Of course...there's all that shopping to do for the upgrades.

*salivates* Mmmm...upgrades...

I'll never forget the day my mom looked at her giant Pleco, Rosco, and saw that he couldn't turn around well in her 50 gallon.

Me: So...are you going to give him away? I love Rosco.
Mom: I could do that....or I could get a 99 gallon tank instead.
Me: ...
Mom: Who wants to go to the fish store?


----------



## Scienceluvr8 (May 17, 2009)

Wow, that must be really nice to have someone at hand who is so knowledgeable about fish!


----------



## dramaqueen (Jul 7, 2008)

I agree.


----------



## PenninInk (Aug 4, 2009)

Most definitely. Anytime I have a question about Bianco or his tank, I just have to call downstairs.

"Mooom? Can you show me how to properly administer a salt bath?"

"Mooom? Could you help me change Bianco's water?"

And then she's all, "What saturation would you like? Do you have standing water at hand? Don't forget to check your tank's levels!"

The day mom showed my sister and I how to properly measure water in the test tubes, and then to compare our results against the chemical charts, was like a rite of passage. And that's just one facet of our animal education. We've had instruction in breeding, hatching and nursing birds, maintaining rodents, proper snake and lizard hygiene practices, pilling dogs and cats, and endless cleaning of cages, litter boxes, front yards, wood shavings and food dishes.

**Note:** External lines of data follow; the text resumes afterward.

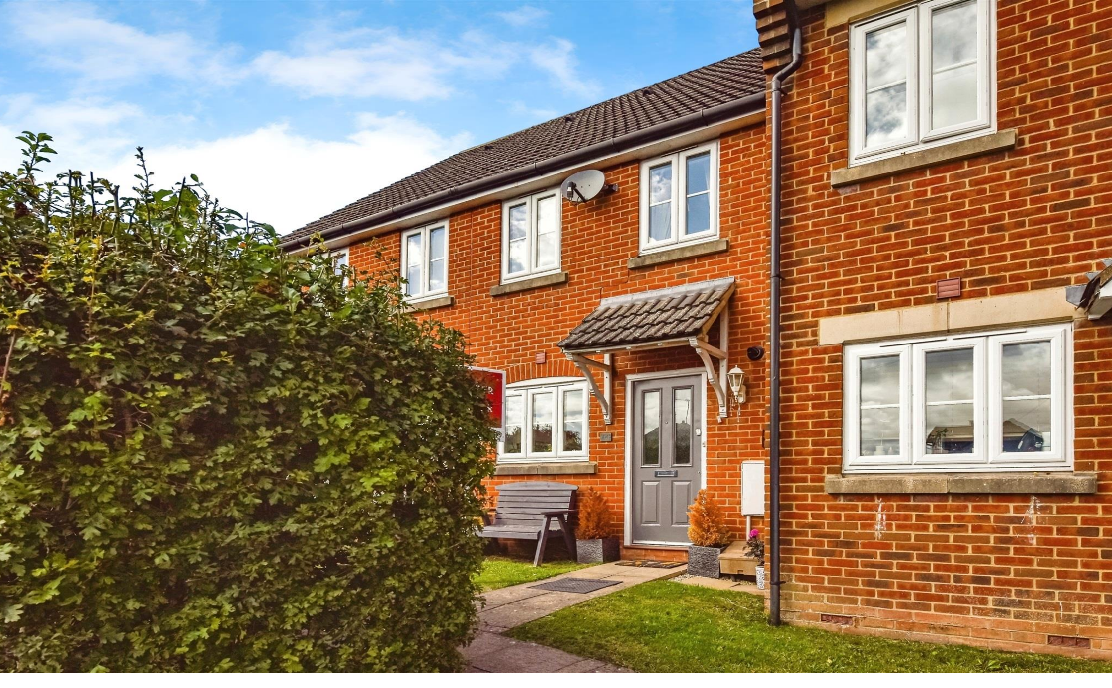
Chestnut Tree Gardens, Warminster BA12 8FD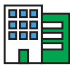
Regional education service centers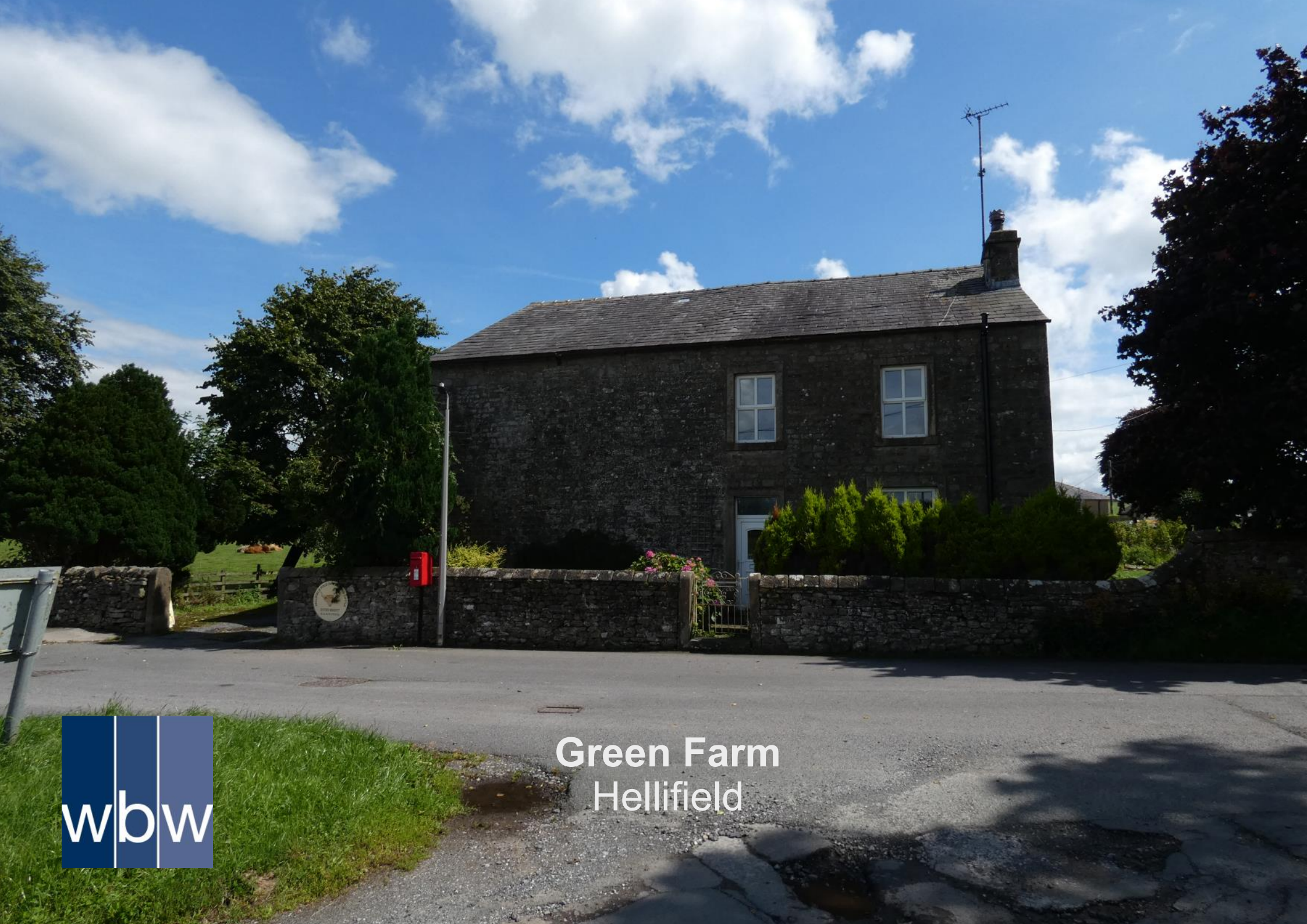
Green Farm Hellifield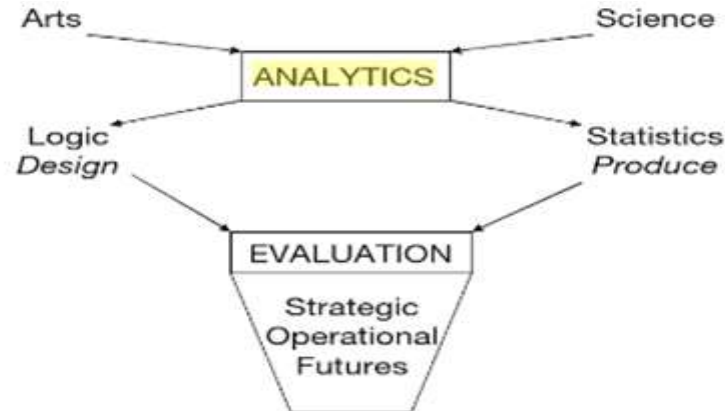
Fig: The Nature of Analytics Approach

first phase and use of Statistical tool second phase . Analytical is also explained as science of analytics derived from the Greek word “Analutika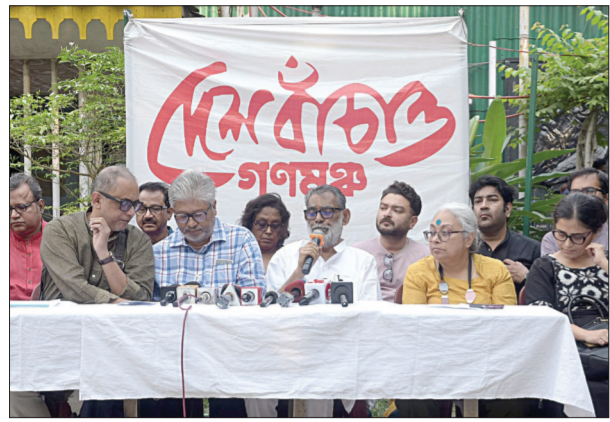
A press conference was organised at Kolkata Press Club by Desh Bachao Gana Mancha regarding recent incident at JU in Kolkata on Sunday. Many eminent personalities were present at the occasion.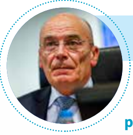
Pietro Francesco De Lotto, President of the CCMI

Access to water, water quality, water use, and consumption needs to be given the corresponding political attention. Following this hearing, the EESC will start preparing a set of own-initiative opinions, covering the economic, social, environmental and geopolitical aspects of water. The water dimension must be embedded in every policy area. The way forward can only be together – with joint and coordinated actions at regional, local, national, and European levels.

I had a very full childhood. ^.^


----------



## Eolith (Aug 4, 2009)

Lol, that's neat. My dad sort of showed me the fish-keeping ropes... but he hasn't got fish any more. It'll just be me on my lonesome. I've definitely had a very pet-filled childhood as well. I've always loved it. We had a turtle at one time, three guinea pigs, a rabbit, lots of fish, three hermit crabs, three dogs (two still alive and kicking), and two horses.

Being raised like that, you can imagine how impossible it would be for me not to have a pet to love and look after. Thus, the betta who will be accompanying me to college. ^_^

Anywho, I just realized today that I accidentally ordered two 33 oz things of aquarium salt. >_< That'll probably be enough to last me a while.


----------



## Vikki81207 (May 27, 2009)

Yep, at least you got it, lol.


----------



## rb500 (Jul 12, 2009)

Haha, I love animals, but I've had to learn it all myself. My parents are divorced, my dad is one of the people that seems to know a little about everything and my mom doesn't lol. But I live with my mom and she hates taking care of animals so its all me.


----------